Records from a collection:
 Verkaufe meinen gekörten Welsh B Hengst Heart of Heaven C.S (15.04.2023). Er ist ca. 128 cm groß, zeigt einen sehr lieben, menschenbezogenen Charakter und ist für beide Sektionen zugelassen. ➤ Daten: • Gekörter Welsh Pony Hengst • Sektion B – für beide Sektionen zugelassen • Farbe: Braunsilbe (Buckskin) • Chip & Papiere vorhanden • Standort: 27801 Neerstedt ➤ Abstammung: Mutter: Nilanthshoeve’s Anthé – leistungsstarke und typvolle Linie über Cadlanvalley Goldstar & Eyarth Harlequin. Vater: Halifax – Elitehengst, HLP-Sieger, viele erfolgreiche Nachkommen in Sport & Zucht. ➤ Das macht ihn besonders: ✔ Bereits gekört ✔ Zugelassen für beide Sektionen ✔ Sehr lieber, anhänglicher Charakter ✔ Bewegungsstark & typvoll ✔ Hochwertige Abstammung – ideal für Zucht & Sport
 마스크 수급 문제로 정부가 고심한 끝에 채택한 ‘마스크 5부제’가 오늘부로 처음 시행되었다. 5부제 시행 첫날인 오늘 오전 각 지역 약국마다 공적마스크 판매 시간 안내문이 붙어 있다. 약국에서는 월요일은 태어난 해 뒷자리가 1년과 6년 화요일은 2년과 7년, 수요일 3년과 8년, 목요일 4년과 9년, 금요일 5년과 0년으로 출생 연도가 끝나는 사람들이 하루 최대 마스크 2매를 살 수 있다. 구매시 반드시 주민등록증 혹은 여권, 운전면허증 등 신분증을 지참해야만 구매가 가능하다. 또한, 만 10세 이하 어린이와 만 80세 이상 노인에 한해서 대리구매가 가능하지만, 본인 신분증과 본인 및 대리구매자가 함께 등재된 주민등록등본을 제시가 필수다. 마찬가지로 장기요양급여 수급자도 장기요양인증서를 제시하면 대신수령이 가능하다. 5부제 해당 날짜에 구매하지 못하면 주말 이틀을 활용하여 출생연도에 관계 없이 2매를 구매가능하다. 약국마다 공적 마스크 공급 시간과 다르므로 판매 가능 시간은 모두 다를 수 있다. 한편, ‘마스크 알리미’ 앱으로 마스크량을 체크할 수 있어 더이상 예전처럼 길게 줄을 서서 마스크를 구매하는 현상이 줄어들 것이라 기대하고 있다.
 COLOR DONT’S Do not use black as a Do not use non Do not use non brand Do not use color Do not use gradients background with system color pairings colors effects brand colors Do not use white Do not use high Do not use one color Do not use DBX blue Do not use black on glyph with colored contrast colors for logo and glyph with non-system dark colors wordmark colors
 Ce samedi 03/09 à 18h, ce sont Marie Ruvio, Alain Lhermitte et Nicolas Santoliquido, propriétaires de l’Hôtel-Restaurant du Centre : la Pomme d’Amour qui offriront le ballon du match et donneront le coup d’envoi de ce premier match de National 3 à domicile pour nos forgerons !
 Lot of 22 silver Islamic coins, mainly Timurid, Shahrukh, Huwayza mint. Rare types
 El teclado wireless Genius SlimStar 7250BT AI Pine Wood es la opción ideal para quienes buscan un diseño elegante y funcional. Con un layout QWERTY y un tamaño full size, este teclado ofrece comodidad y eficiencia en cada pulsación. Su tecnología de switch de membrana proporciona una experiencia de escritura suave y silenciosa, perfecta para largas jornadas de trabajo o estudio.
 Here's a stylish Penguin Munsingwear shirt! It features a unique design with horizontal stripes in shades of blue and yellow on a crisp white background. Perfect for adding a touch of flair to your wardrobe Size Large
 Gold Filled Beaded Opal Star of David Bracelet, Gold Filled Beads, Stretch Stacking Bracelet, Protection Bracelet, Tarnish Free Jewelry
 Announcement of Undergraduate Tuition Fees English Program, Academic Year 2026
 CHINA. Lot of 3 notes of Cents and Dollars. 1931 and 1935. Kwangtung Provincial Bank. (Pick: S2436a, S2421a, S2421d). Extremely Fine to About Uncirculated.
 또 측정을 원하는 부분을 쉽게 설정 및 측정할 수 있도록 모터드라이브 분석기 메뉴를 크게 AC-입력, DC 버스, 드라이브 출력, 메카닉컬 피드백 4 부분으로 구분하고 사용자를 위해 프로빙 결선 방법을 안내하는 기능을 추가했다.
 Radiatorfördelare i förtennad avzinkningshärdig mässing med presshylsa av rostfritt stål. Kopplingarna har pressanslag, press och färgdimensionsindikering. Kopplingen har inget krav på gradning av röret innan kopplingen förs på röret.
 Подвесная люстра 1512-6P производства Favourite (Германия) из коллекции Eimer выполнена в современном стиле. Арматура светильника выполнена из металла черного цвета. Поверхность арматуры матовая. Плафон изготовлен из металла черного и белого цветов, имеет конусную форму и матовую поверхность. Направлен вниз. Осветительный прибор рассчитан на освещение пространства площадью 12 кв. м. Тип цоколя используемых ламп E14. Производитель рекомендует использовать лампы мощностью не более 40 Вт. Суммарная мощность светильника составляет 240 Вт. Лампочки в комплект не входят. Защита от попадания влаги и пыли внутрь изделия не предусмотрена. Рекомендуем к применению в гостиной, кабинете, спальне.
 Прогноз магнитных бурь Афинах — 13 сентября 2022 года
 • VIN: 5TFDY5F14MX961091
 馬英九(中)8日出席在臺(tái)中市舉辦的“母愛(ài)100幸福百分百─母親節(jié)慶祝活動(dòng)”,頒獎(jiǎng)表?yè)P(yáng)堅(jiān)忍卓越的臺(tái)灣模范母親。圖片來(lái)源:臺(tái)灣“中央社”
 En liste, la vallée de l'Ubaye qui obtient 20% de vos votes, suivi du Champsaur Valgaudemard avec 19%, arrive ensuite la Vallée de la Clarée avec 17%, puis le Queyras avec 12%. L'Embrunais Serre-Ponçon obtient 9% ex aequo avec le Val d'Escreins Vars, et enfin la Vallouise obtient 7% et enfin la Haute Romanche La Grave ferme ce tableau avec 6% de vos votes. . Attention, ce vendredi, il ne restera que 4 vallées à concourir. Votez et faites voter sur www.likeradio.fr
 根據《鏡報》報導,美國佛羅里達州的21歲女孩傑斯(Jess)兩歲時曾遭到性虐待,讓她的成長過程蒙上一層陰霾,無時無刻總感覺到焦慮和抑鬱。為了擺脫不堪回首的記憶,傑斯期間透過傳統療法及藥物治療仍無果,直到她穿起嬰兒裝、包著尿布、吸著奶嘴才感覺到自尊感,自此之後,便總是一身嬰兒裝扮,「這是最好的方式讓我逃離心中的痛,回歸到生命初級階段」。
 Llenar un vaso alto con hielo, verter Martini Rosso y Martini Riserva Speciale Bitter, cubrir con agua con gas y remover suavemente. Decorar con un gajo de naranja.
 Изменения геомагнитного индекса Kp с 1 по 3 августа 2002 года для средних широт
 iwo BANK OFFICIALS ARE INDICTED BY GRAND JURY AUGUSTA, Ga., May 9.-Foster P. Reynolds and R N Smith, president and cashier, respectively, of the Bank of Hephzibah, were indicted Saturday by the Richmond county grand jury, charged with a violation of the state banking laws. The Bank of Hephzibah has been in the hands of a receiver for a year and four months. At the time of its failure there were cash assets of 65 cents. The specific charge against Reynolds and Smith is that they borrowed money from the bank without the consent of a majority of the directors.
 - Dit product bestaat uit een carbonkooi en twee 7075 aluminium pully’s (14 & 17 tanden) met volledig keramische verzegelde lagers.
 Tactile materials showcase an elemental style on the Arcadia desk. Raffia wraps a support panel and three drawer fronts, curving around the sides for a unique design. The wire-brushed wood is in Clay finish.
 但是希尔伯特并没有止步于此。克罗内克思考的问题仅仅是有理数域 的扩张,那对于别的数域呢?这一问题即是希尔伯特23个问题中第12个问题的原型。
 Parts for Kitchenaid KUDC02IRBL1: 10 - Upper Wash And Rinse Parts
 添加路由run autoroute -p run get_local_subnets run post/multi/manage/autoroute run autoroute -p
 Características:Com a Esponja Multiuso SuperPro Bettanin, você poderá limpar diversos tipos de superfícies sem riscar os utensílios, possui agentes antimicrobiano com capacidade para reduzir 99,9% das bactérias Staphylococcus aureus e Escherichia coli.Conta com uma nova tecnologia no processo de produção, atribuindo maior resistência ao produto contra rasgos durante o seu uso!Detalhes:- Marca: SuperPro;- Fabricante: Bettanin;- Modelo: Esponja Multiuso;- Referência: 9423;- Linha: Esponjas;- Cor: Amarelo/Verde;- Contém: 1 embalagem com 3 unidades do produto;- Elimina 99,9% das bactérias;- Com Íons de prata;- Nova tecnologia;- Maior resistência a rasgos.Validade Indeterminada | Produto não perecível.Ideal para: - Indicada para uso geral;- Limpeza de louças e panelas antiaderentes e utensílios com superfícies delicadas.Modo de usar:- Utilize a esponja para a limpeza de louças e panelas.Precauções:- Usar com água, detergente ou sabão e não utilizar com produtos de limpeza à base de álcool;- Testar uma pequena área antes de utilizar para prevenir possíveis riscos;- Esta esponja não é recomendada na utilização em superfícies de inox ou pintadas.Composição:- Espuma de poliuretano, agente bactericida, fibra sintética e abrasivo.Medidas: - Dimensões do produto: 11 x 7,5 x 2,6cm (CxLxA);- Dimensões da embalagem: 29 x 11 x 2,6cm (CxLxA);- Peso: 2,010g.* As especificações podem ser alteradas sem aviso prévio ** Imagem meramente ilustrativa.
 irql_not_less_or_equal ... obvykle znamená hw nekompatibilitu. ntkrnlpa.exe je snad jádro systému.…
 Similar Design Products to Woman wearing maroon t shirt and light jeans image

== Aim of the task ==
Copy out each line of the data that has the word "para" in it.

== Result of the task ==
 El teclado wireless Genius SlimStar 7250BT AI Pine Wood es la opción ideal para quienes buscan un diseño elegante y funcional. Con un layout QWERTY y un tamaño full size, este teclado ofrece comodidad y eficiencia en cada pulsación. Su tecnología de switch de membrana proporciona una experiencia de escritura suave y silenciosa, perfecta para largas jornadas de trabajo o estudio.
 Características:Com a Esponja Multiuso SuperPro Bettanin, você poderá limpar diversos tipos de superfícies sem riscar os utensílios, possui agentes antimicrobiano com capacidade para reduzir 99,9% das bactérias Staphylococcus aureus e Escherichia coli.Conta com uma nova tecnologia no processo de produção, atribuindo maior resistência ao produto contra rasgos durante o seu uso!Detalhes:- Marca: SuperPro;- Fabricante: Bettanin;- Modelo: Esponja Multiuso;- Referência: 9423;- Linha: Esponjas;- Cor: Amarelo/Verde;- Contém: 1 embalagem com 3 unidades do produto;- Elimina 99,9% das bactérias;- Com Íons de prata;- Nova tecnologia;- Maior resistência a rasgos.Validade Indeterminada | Produto não perecível.Ideal para: - Indicada para uso geral;- Limpeza de louças e panelas antiaderentes e utensílios com superfícies delicadas.Modo de usar:- Utilize a esponja para a limpeza de louças e panelas.Precauções:- Usar com água, detergente ou sabão e não utilizar com produtos de limpeza à base de álcool;- Testar uma pequena área antes de utilizar para prevenir possíveis riscos;- Esta esponja não é recomendada na utilização em superfícies de inox ou pintadas.Composição:- Espuma de poliuretano, agente bactericida, fibra sintética e abrasivo.Medidas: - Dimensões do produto: 11 x 7,5 x 2,6cm (CxLxA);- Dimensões da embalagem: 29 x 11 x 2,6cm (CxLxA);- Peso: 2,010g.* As especificações podem ser alteradas sem aviso prévio ** Imagem meramente ilustrativa.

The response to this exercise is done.